Subrogation is a concept that's well-known in insurance and legal circles but sometimes not by the customers they represent. Even if it sounds complicated, it would be to your advantage to know the steps of the process. The more you know about it, the more likely an insurance lawsuit will work out in your favor.
Any insurance policy you have is a commitment that, if something bad occurs, the company that covers the policy will make good in one way or another in a timely manner. If your vehicle is rear-ended, insurance adjusters (and the courts, when necessary) decide who was at fault and that party's insurance pays out.
But since determining who is financially accountable for services or repairs is usually a heavily involved affair – and time spent waiting often increases the damage to the victim – insurance firms often opt to pay up front and assign blame afterward. They then need a path to regain the costs if, once the situation is fully assessed, they weren't in charge of the payout.
Let's Look at an Example
You head to the emergency room with a sliced-open finger. You hand the receptionist your health insurance card and he writes down your plan information. You get taken care of and your insurer gets an invoice for the services. But on the following afternoon, when you clock in at your workplace – where the accident happened – you are given workers compensation paperwork to fill out. Your workers comp policy is in fact responsible for the costs, not your health insurance company. It has a vested interest in getting that money back in some way.
How Subrogation Works
This is where subrogation comes in. It is the process that an insurance company uses to claim reimbursement when it pays out a claim that turned out not to be its responsibility. Some insurance firms have in-house property damage lawyers and personal injury attorneys, or a department dedicated to subrogation; others contract with a law firm. Usually, only you can sue for damages done to your self or property. But under subrogation law, your insurer is extended some of your rights for having taken care of the damages. It can go after the money originally due to you, because it has covered the amount already.
Why Should I Care?
For starters, if you have a deductible, it wasn't just your insurer that had to pay. In a $10,000 accident with a $1,000 deductible, you lost some money too – to be precise, $1,000. If your insurer is unconcerned with pursuing subrogation even when it is entitled, it might opt to recover its costs by increasing your premiums. On the other hand, if it knows which cases it is owed and pursues them aggressively, it is acting both in its own interests and in yours. If all is recovered, you will get your full deductible back. If it recovers half (for instance, in a case where you are found one-half to blame), you'll typically get $500 back, based on the laws in most states.

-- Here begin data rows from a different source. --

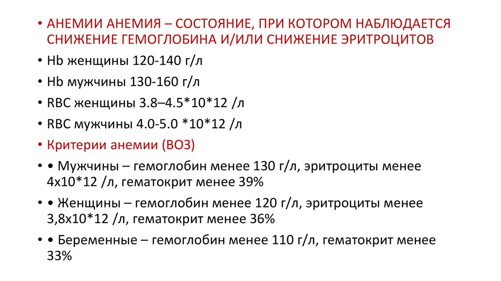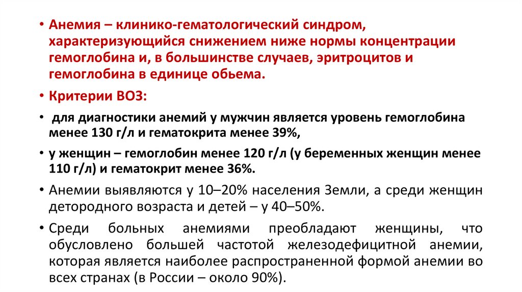 • Анемия – клинико-гематологический синдром,характеризующийся снижением ниже нормы концентрации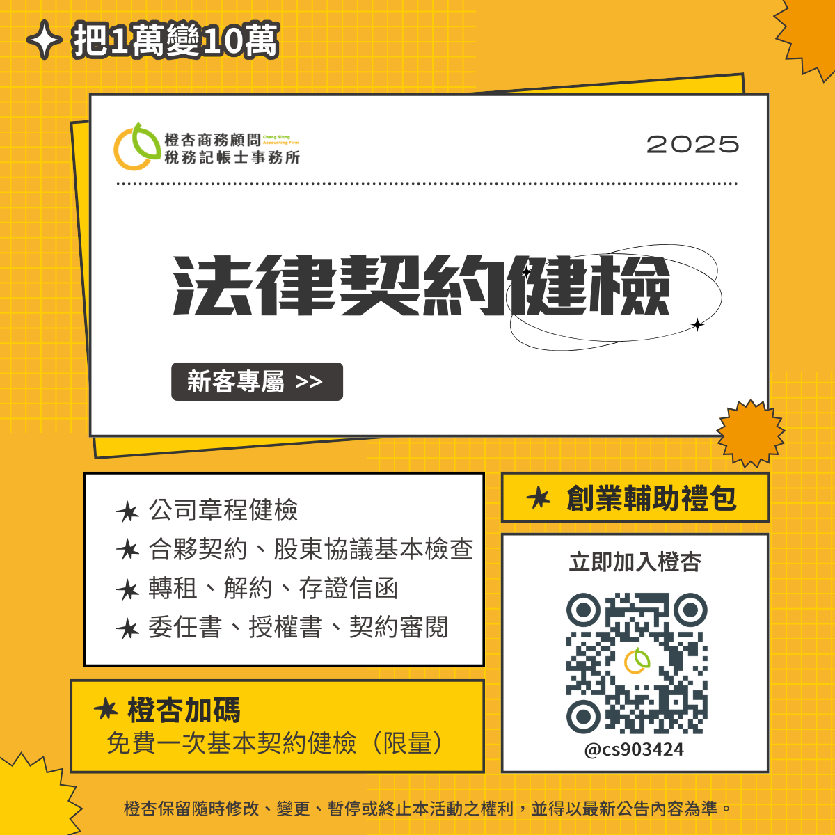 【普發一萬 X 橙杏】新客專屬|把1萬變10萬!六大增值禮包免費送!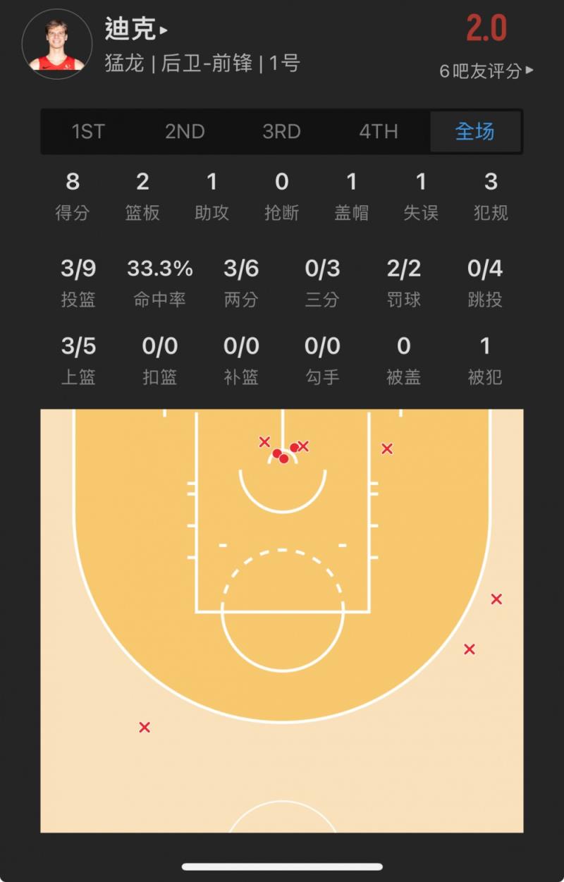 猛龙13号秀 格雷迪-迪克 出战22.7分钟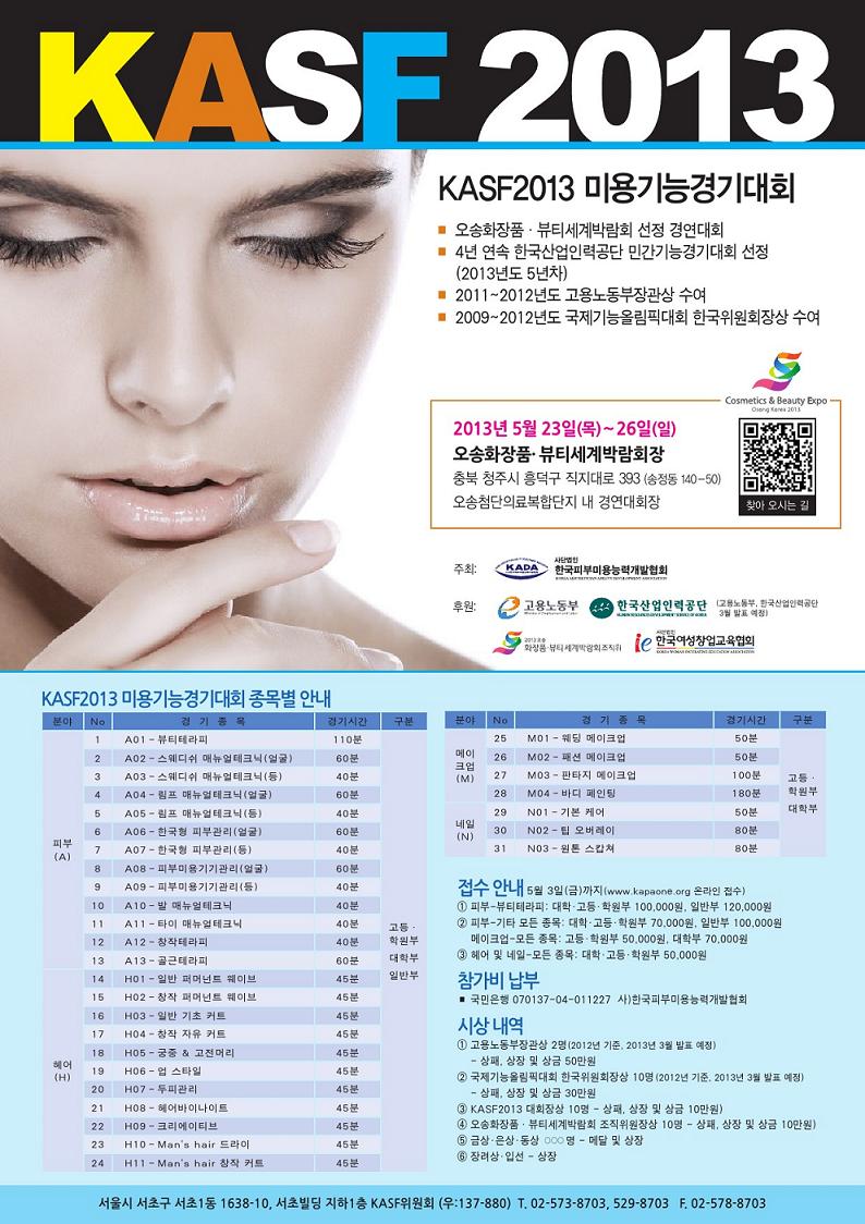 KASF2013 미용기능경기대회는 충북 오송에서 열리는 화장품·뷰티세계박람회가

Additionally, if the total loss of an accident is more than your maximum coverage amount, you could be in for a stiff bill. If your insurance company or its property damage lawyers, such as best attorney 23294, successfully press a subrogation case, it will recover your expenses as well as its own.
All insurance companies are not created equal. When comparing, it's worth measuring the reputations of competing firms to evaluate whether they pursue winnable subrogation claims; if they resolve those claims without delay; if they keep their customers informed as the case proceeds; and if they then process successfully won reimbursements quickly so that you can get your funding back and move on with your life. If, on the other hand, an insurer has a reputation of honoring claims that aren't its responsibility and then protecting its profit margin by raising your premiums, even attractive rates won't outweigh the eventual headache.